NetEase Youdao Super Dictionary creates an efficient and intelligent English learning system, strengthens terminal functions, and provides functions such as learning English by taking photos, word translation, memorizing words, listening practice, dialogue translation, and voice assistant.

NetEase Youdao Translator supports translation between 43 languages, and can travel to 191 countries and regions around the world. It supports online translation in 21 languages and end-to-end translation in 7 languages. Signs, menus, etc. can be translated instantly by taking a photo.

NetEase Youdao Dictionary Pen, Super Dictionary, and Translator are all embedded with industry-leading AI technologies such as neural network translation NMT, optical character recognition OCR, speech recognition ASR, and speech synthesis TTS independently developed by NetEase Youdao, and support offline functions.

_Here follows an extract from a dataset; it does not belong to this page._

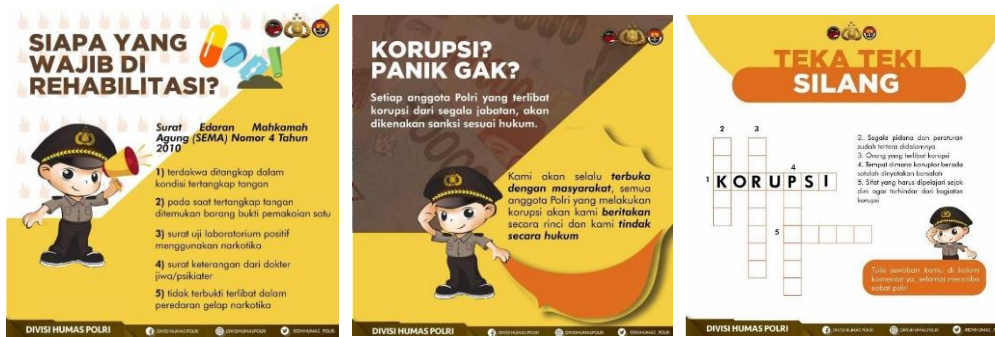
Gambar 6. (Layout konten untuk instagram Divisi Humas Polri )

NetEase Youdao's self-developed on-device machine learning computing library has been used in smart hardware products such as the NetEase Youdao Dictionary Pen, Super Dictionary, and Translator, bringing the following benefits:

  • End-to-end performance is significantly accelerated by 1.3 to 2.43 times compared to using the Eigen library, significantly reducing latency in the on-device inference engine. In addition to achieving significant performance improvements on Youdao's intelligent hardware, we also conducted performance tests on a Snapdragon 855-powered phone, demonstrating a significant 25%-55% improvement in end-to-end performance compared to Eigen.
  • After adopting EMLL, the end-side inference engine can launch larger AI models, improve quality, and ensure real-time performance. For example, the end-side NMT quality (BLEU) increased by 2 points and the end-side ASR accuracy increased by 4.73%.
  • EMLL can ensure real-time performance on lower-end chips. For example, using the Eigen library on a Cortex-A7 cannot achieve real-time performance. Using EMLL significantly reduces latency while still ensuring real-time performance. EMLL allows smart hardware to have more chip options, thereby reducing costs and improving market competitiveness.

Table 4 Test platform

platformCPU modelMain frequency (GHz)
Youdao Dictionary PenA351.2
Youdao Super DictionaryA531.5
Youdao Translation KingA532.0
A mobile phone (Snapdragon 855)A762.8
RV1126A71.5

Figure 3. End-to-end performance speedup of NMT, ASR, and OCR on different platforms using EMLL and eigen.

The EMLL high-performance edge machine learning computing library has been applied in a number of NetEase Youdao's smart hardware products and achieved remarkable results, significantly improving performance and providing users with a better product experience.

In the future, NetEase Youdao will continue to maintain and optimize EMLL to help more enterprises, research institutions and other partners improve their edge AI computing capabilities.